Task statement
Each line, starting at the one with "An analysis of" and running to the end of the data below, is to be set down again exactly, both ends included; leave pictures out.

Supplied entries
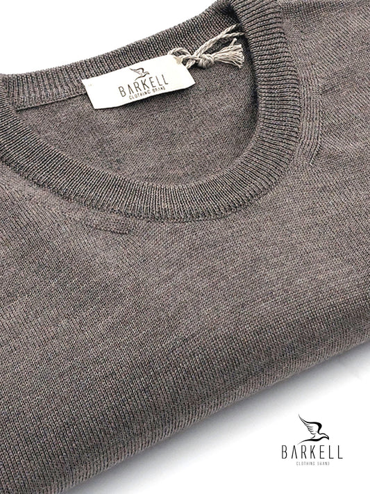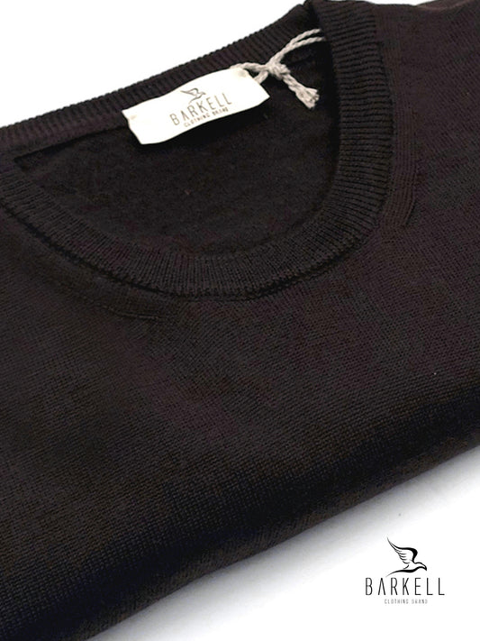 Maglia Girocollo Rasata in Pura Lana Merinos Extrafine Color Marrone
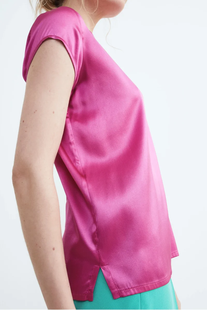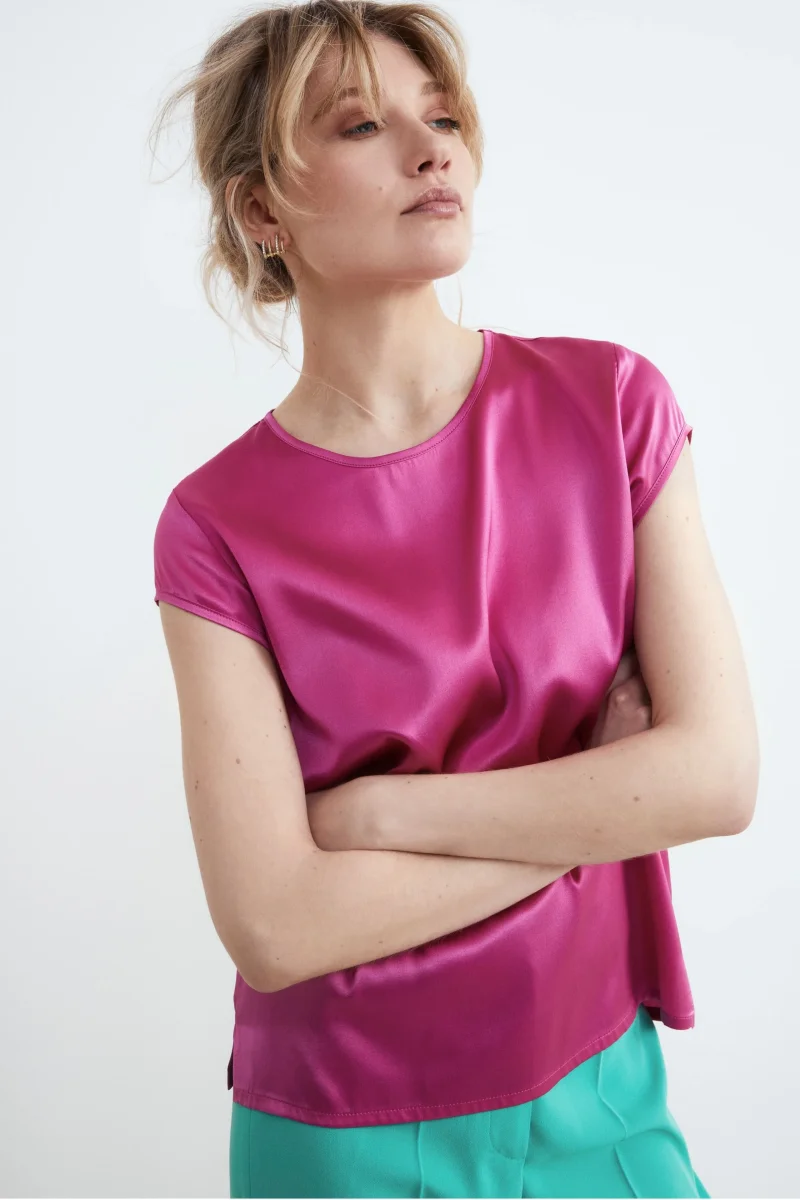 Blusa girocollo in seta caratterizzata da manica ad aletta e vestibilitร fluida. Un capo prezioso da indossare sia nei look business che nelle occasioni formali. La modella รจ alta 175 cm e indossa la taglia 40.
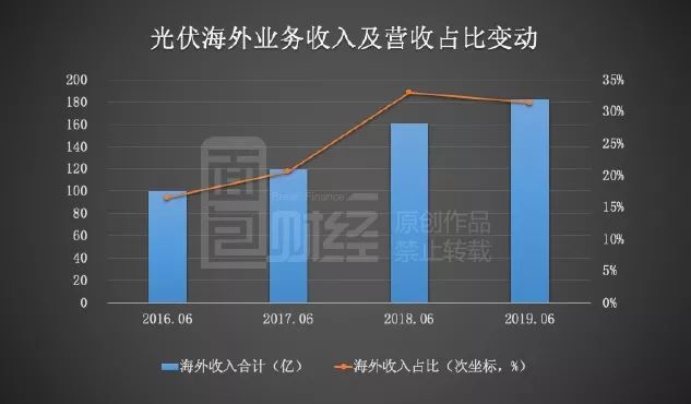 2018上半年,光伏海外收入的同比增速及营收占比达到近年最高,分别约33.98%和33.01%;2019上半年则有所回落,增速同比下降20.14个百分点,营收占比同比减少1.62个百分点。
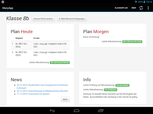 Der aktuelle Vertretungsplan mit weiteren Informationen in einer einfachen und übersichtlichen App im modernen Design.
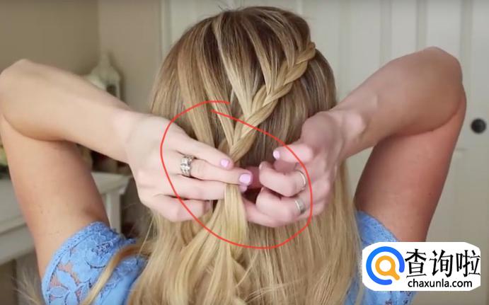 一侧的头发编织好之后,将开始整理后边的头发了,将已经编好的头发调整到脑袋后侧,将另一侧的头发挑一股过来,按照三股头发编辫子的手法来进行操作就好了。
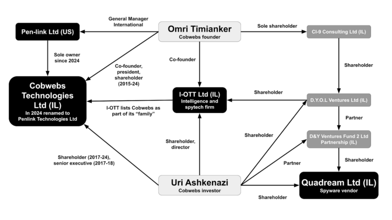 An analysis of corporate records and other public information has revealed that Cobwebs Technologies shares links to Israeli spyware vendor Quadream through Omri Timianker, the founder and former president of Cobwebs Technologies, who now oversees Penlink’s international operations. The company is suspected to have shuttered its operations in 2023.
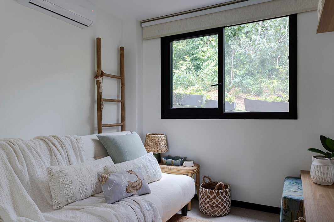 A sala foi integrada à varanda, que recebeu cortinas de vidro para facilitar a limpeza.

Task solution
 An analysis of corporate records and other public information has revealed that Cobwebs Technologies shares links to Israeli spyware vendor Quadream through Omri Timianker, the founder and former president of Cobwebs Technologies, who now oversees Penlink’s international operations. The company is suspected to have shuttered its operations in 2023.
 A sala foi integrada à varanda, que recebeu cortinas de vidro para facilitar a limpeza.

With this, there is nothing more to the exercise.